08 octobre 2006
DSK : la France est prête pour une vraie sociale-démocratie
Invité de Christophe Barbier sur LCI ce matin, Dominique Strauss-Kahn a répondu aux questions sur les grands problèmes internationaux du moment : les essais nucléaires nord-coréens avec le danger de la prolifération nucléaire, la complaisance à l’égard de la politique de Poutine en Tchetchénie et l’assassinat de la journaliste indépendante russe Anna Politkovskaïa.
Interrogé sur le déroulement de la campagne interne, il a jugé « pas très satisfaisant » le mode d'organisation des débats publics au PS, avant la désignation du candidat.
« Ce ne seront pas de vraies confrontations », a-t’il déclaré, « j'aurais préféré des débats face à face ». En réalité, « ce seront des interventions parallèles, avec des questions préparées, connues à l'avance des intervenants », a-t-il poursuivi.
DSK s'est dit convaincu qu'il y aurait "deux tours" lors de la primaire du PS.

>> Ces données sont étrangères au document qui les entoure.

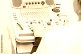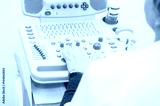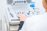 Adult woman doctor's hands close up preparing for an ultrasound device scan. Selective focus
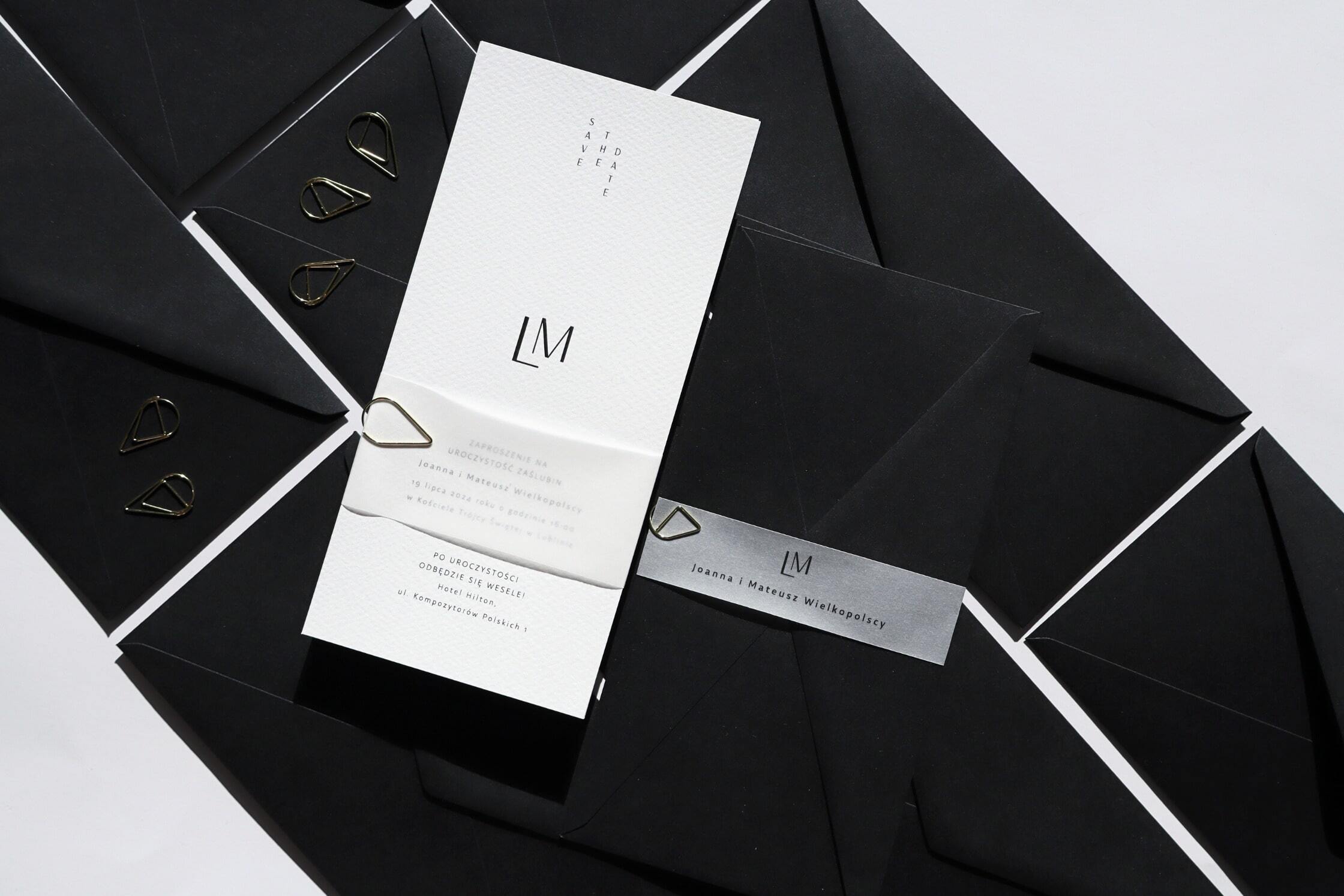 W zestawie do każdego zaproszenia istnieje możliwość dokupienia czarnej koperty, obwoluty na kopertę z danymi gości i inicjałami Pary Młodej oraz złotego spinacza.

Il a également déclaré qu'il n'était pas rassuré quant à l'impartialité de François Hollande, le premier secrétaire du PS. « Il prend parti, je crois que ce n'est pas son rôle », a-t-il dit.
Sur le fond, « la France est prête pour une vraie sociale-démocratie, ni un extrémisme qui vient se soumettre aux pressions des partis d'extrême gauche, ni de l'autre côté une dérive vers les partis de droite », a-t-il ajouté.
Dominique Strauss-Kahn a prôné « la sociale-démocratie comme elle est capable de s'exprimer en Espagne, en Italie, en Allemagne, partout où la gauche depuis longtemps a été capable de concilier la justice et l'économie de marché ».